● **Given information**:
----
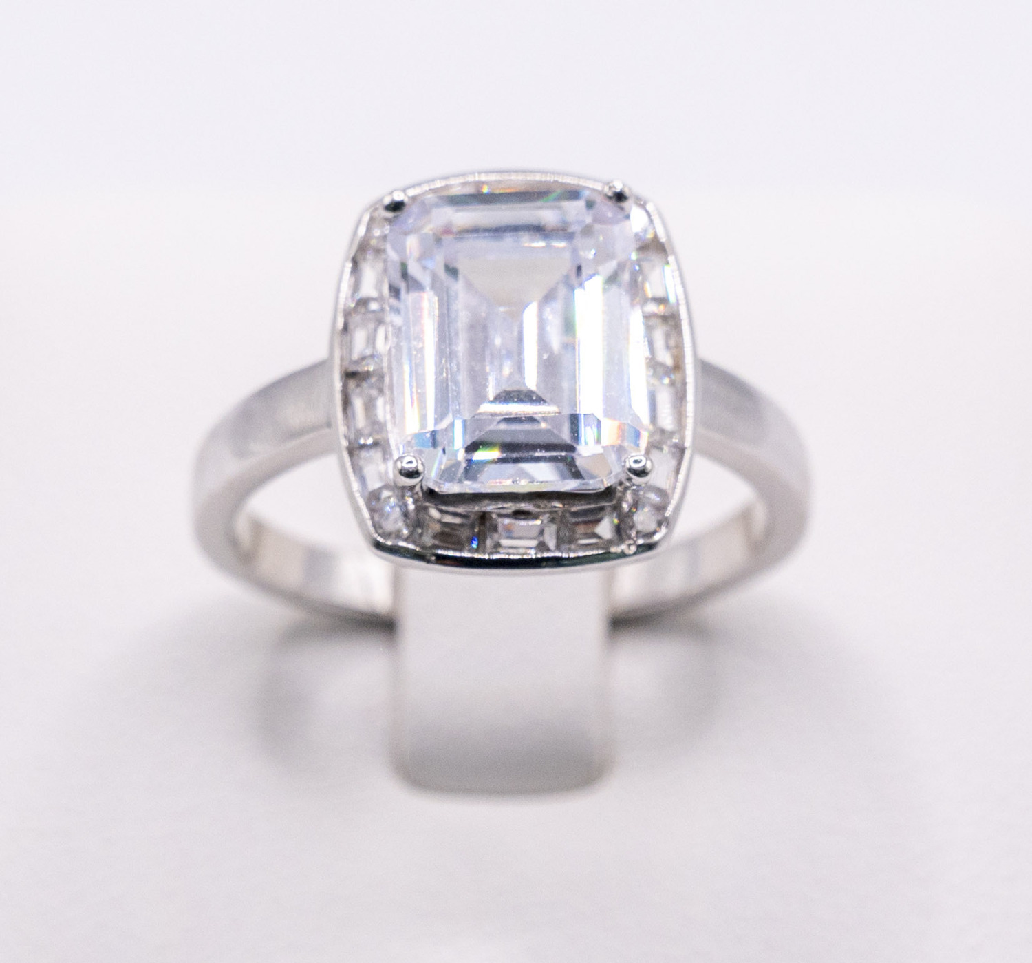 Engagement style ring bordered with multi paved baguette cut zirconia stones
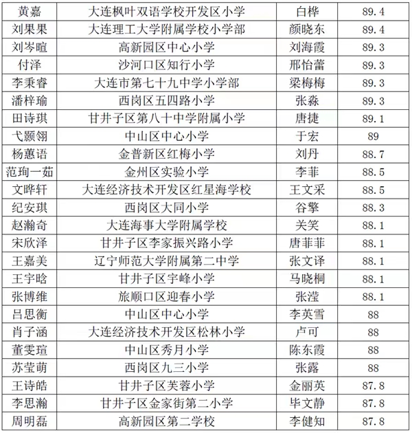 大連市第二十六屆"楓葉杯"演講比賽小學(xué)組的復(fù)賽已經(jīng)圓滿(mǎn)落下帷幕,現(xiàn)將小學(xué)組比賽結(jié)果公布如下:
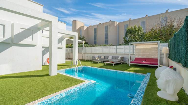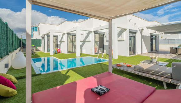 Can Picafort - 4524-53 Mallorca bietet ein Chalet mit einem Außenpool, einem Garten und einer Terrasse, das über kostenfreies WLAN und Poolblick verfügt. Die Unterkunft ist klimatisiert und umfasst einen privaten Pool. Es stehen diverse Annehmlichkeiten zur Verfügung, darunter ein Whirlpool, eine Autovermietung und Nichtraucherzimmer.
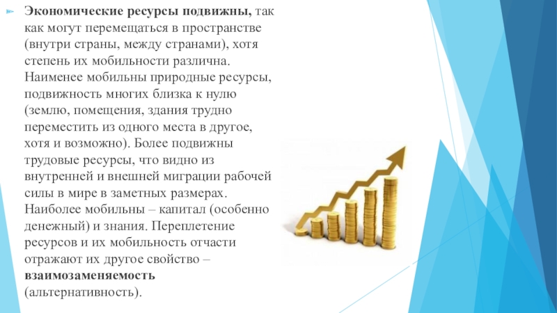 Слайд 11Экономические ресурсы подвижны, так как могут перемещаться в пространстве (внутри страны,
----
● **Exercise details**: Omit any images, then output the listing exactly.

● **Exercise answer**:
 Engagement style ring bordered with multi paved baguette cut zirconia stones
 大連市第二十六屆"楓葉杯"演講比賽小學(xué)組的復(fù)賽已經(jīng)圓滿(mǎn)落下帷幕,現(xiàn)將小學(xué)組比賽結(jié)果公布如下:
 Can Picafort - 4524-53 Mallorca bietet ein Chalet mit einem Außenpool, einem Garten und einer Terrasse, das über kostenfreies WLAN und Poolblick verfügt. Die Unterkunft ist klimatisiert und umfasst einen privaten Pool. Es stehen diverse Annehmlichkeiten zur Verfügung, darunter ein Whirlpool, eine Autovermietung und Nichtraucherzimmer.
 Слайд 11Экономические ресурсы подвижны, так как могут перемещаться в пространстве (внутри страны,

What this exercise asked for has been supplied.